◆ Records for the exercise ◆
────────────────
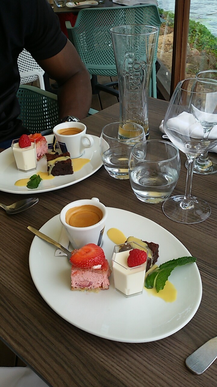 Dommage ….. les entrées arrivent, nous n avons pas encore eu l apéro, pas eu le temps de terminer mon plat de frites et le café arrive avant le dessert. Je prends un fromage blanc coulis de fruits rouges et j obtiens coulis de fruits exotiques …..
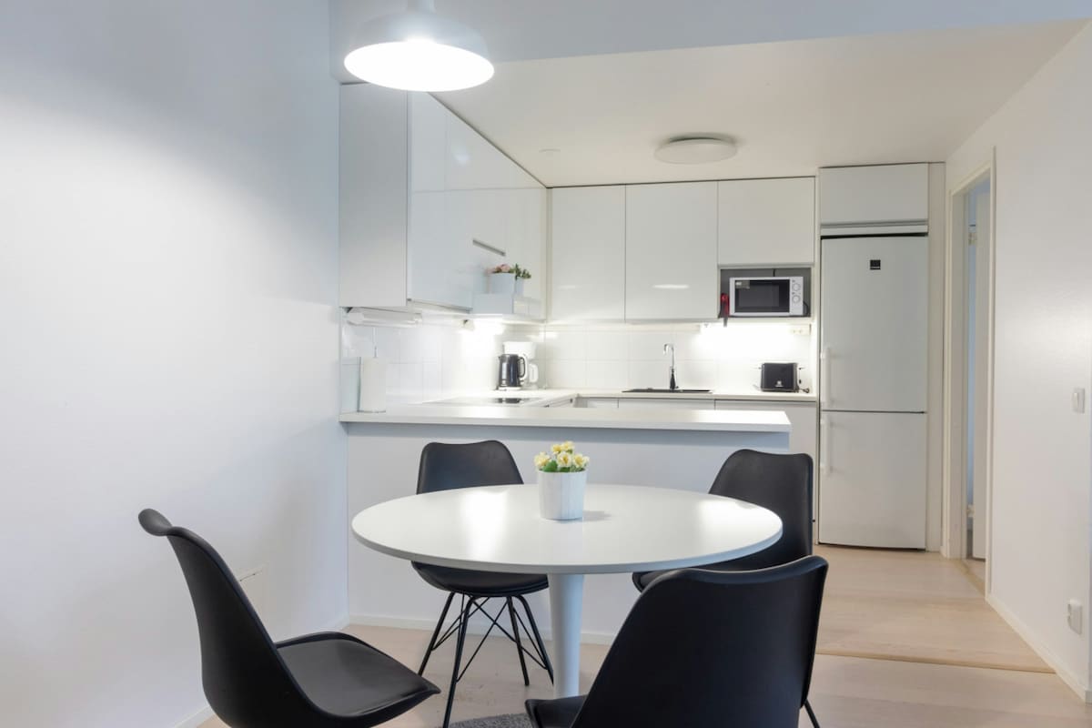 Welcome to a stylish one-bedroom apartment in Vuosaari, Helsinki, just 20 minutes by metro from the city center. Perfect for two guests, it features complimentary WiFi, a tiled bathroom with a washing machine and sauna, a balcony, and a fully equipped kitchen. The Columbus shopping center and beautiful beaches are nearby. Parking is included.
────────────────
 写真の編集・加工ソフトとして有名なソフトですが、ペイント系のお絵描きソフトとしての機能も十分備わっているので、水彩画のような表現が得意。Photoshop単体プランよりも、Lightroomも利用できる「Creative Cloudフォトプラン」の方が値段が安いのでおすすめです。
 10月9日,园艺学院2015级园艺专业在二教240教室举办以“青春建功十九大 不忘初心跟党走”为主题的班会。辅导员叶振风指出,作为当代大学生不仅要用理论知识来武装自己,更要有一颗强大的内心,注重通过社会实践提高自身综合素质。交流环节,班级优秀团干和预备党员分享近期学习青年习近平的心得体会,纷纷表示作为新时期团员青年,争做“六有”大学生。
────────────────
◆ Aim of the task ◆
Beginning at the line above with "写真の編集・加工ソフトとして" and finishing at the line with "10月9日,园艺学院2015", return each line exactly and return nothing else.

◆ Result of this exercise ◆
 写真の編集・加工ソフトとして有名なソフトですが、ペイント系のお絵描きソフトとしての機能も十分備わっているので、水彩画のような表現が得意。Photoshop単体プランよりも、Lightroomも利用できる「Creative Cloudフォトプラン」の方が値段が安いのでおすすめです。
 10月9日,园艺学院2015级园艺专业在二教240教室举办以“青春建功十九大 不忘初心跟党走”为主题的班会。辅导员叶振风指出,作为当代大学生不仅要用理论知识来武装自己,更要有一颗强大的内心,注重通过社会实践提高自身综合素质。交流环节,班级优秀团干和预备党员分享近期学习青年习近平的心得体会,纷纷表示作为新时期团员青年,争做“六有”大学生。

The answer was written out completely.